And then the next time that stored procedure runs, it runs and it runs as if – with that date you pass in as 2017/7/18, so that was yesterday, and all of a sudden you have to bring back a lot more rows because you had a lot more time to insert data yesterday. Let’s say you had a million rows on the 18th and you only have about 20 rows on the 19th. So that stored procedure that compiled and ran expecting to get 20 values back, all of a sudden, has to go and pull a million values back. And when it pulls that million values back, the execution plan that it uses to do that may be inadequate because a million is a lot more than 20. So there may be a case where a different execution plan would have been more appropriate for a different value. Say for a small amount of rows, you do a key lookup, you use a non-clustered index, you do a key lookup, you get some columns back from the clustered index. For the million rows, it just may make more sense to scan the whole clustered index and get the rows back that way. So it’s all out there in fun land – because it happens every single week because we talk about it every single week, I’m going to stick the link up there for it, Erland Sommarskog. So the man himself, or his self, depending on how you like to talk, has a blog post called “Slow in the Application, Fast in SSMS.” And what it does is attempt to explain to you parameter sniffing in biblical blog post fashion. If you are really interested and that is not where your question ends, I would read that entire blog post and see where it gets you. If you have more specific questions, come back and ask.

Richie Rump: So, if I did run into some parameter sniffing, what type of things would I do to fix it? See, this is what they call, in the business, a softball. Hit the softball.

Erik Darling: Okay, well if I was really crappy at my job, I’d restart SQL Server. If I was a little bit less crappy at my job, I would probably clear the entire plan cache. If I was slightly less crappy than that, I would probably clear that plan out of the plan cache.
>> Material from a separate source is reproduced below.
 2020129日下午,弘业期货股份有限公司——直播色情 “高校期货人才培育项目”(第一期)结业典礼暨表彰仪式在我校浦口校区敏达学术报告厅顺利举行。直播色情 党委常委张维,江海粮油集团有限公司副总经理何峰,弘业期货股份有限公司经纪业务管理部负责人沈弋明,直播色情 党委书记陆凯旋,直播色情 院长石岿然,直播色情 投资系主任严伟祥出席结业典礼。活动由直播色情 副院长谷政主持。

If I was a little bit less crappy, I might recompile, or throw a recompile hint on the stored procedure or the statement in the stored procedure that’s causing my parameter sniffing. If I was much less crappy, I might take a look at my indexes and try to figure out what a good index is to take bad choices away from the optimizer, regardless of the value that gets passed in. So, perhaps making that nonclustered index covering, or rearranging the key values in a non-clustered index to make it more aptly used, no matter what.
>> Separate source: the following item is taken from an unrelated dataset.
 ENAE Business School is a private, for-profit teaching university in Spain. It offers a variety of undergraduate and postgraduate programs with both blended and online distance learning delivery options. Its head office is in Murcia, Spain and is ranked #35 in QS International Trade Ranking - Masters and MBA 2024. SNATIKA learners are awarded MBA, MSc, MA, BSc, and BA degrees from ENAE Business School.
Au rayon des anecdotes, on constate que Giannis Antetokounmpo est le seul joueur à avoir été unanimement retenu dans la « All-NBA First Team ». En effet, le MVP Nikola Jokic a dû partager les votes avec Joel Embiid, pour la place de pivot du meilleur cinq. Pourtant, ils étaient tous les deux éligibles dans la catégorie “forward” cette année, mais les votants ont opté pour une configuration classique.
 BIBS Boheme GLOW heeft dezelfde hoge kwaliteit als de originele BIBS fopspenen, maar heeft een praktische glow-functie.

There are all sorts of things that you can do down the line including rewriting the query to need less columns to begin with and do all that sort of fun stuff.
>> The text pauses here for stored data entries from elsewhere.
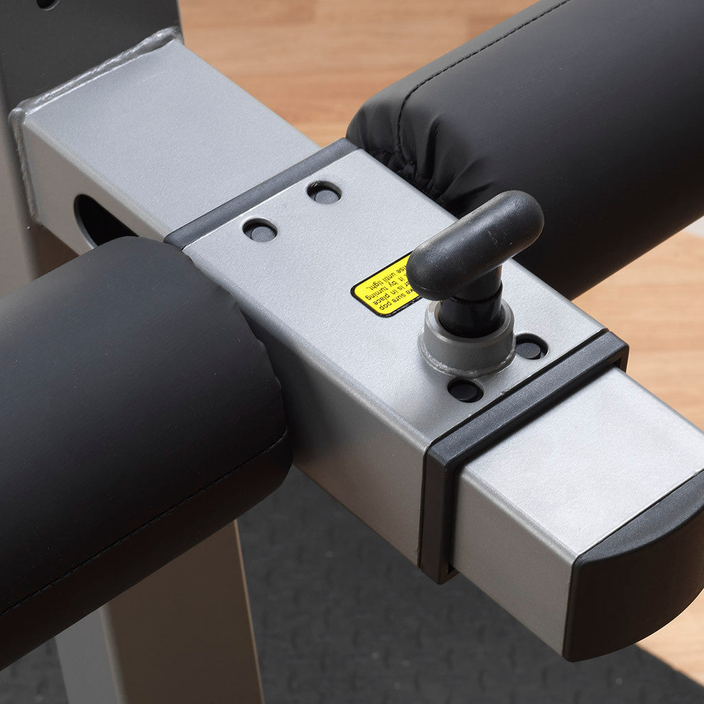 The Body-Solid Roman Chair specializes in developing the lower back, and also target the gluteal muscles, hamstrings and abdominals. The Roman Chair is made from heavy-gauge steel, with thick, double-stitched DuraFirm pads and oversize 8" foam rollers that adjust vertically and horizontally to fit all users.
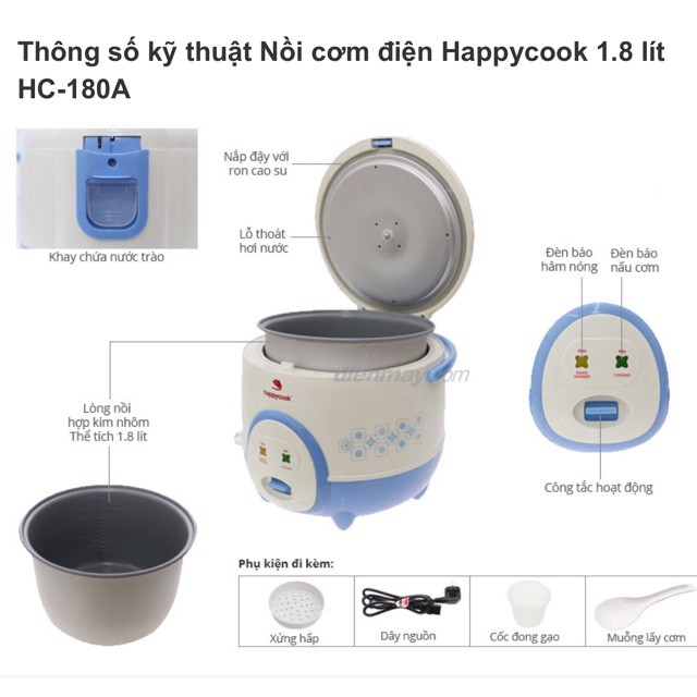 Nồi cơm điện Happycook sản xuất tại Indonesia, thiết kế xinh xắn và đẹp mắt.
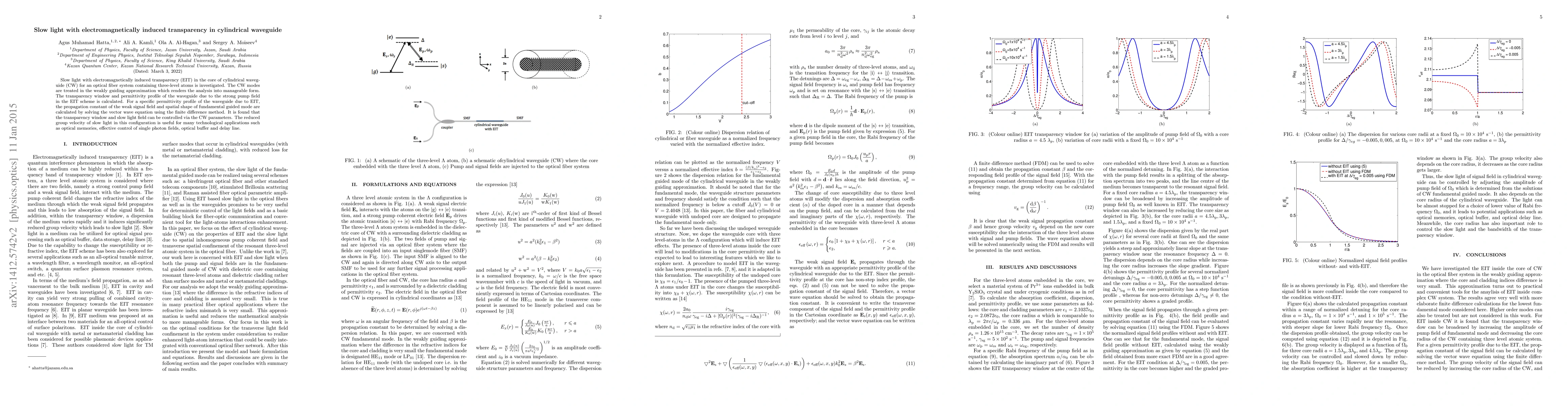 This paper investigates slow light effects in cylindrical waveguides using electromagnetically induced transparency (EIT) with three-level atoms. It calculates the transparency window and permittivity profile, finding that the slow light properties can be controlled by waveguide parameters, with applications in optical memories and photonic devices.
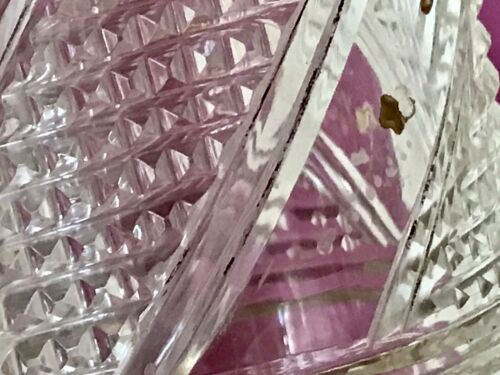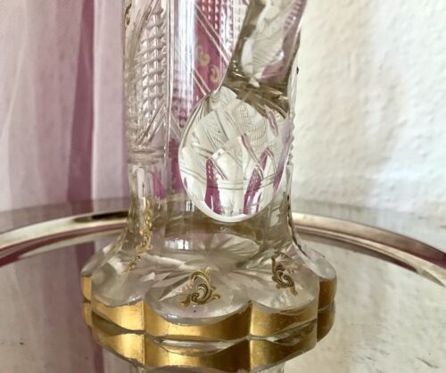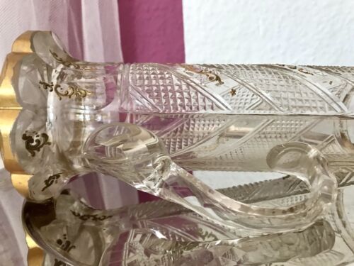 Wandung ist zylindrisch und mit wundervollem radial gedrehten passigen aufwändigen Schliff: Steinelschliff und Kerbschliff.
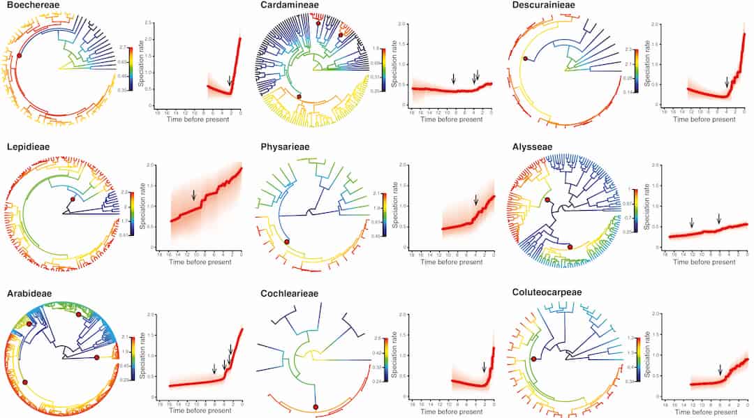 “(1) Significant rate shifts are seen in 12 out of 52 tribes across Brassicaceae, which are decoupled from mesopolyploid WGDs. Shifts that were detected within tribes were randomly distributed over the time span, indicating no single epoch contributing to a major burst in Brassicaceae diversification. However, the Pliocene–Pleistocene is playing a major role for present-day Brassicaceae diversity and highlights that diversification of Brassicaceae is generally favoured by cooler and drier conditions. Pleistocene glacial/deglaciation cycles may have contributed to the maintenance of the high diversification rate in Brassicaceae.

Richie Rump: Yeah, what I found with parameter sniffing is sometimes the answer is a recompile, maybe it just doesn’t run frequently enough and, you know, you throw a recompile on it and it’s just not going to tax the system and you’re good to go. Sometimes it is the index, I mean, you just – when doing tuning, I’ve always gone, what’s my output goal? Right, you could get lost in tuning land and just get – oh I need to get it further down, further down, further down, but what’s your exit criteria? So you say, hey, the exit criteria, for me, is that it’s got to run another second and it doesn’t raise these metrics up this much. And when you hit that, you leave and you go onto the next problem.

Erik Darling: That sounds like a good plan to me.

 

Can I set isolation level in my connection string?

Erik Darling: So there is an Entity Framework question that I think you should take while I get a link for Kevin.

Richie Rump: Yes, so the question is, “Hi…” [crosstalk]

Erik Darling: It’s hi with an ellipsis afterwards, so it’s more like hi…

Richie Rump: “We have an Entity Framework application running on SQL Server 2014 Enterprise. I wanted to know if it’s possible to set the transaction isolation level at the connection string level.” So, I don’t believe so. I don’t believe that is the case. I’ve never tried it; I don’t recall ever seeing any parameters in the connection string for setting the isolation level. I’m pretty sure on EF6, the default isolation level is read committed snapshot; don’t quote me on that. I haven’t done much with transactions in Entity Framework proper. A lot of transactions that I’ve done in my career have been in queries themselves, and of the times I have used transactions, it’s been in code in Entity Framework. I don’t believe that is the case… [crosstalk]

Erik Darling:  I think I’ve seen people use, specifically for snapshot isolation, a separate connection pool that is set up to use that isolation level rather than go in with a default…

Richie Rump: Yeah…

Erik Darling: But I don’t know how to do that because I’m dumb at Entity Framework.

Richie Rump: Yeah, and you could totally do that. Say hey, for these queries, go and run this isolation level, right, but you need to know what those queries are. It’s not going to be a [crosstalk]… Now I could totally be wrong, got to Stack Overflow, ask the question there, that’s probably a better place for it. You could go to, you know, #EFhelp. I think Julie Lerman monitors that one. So as far as I recall, I don’t think you can, and if you need that kind of stuff, you need to change code. So there is not an easy, oh just let me change a connection string and not the application, I’m pretty sure you’re going to need to change the application.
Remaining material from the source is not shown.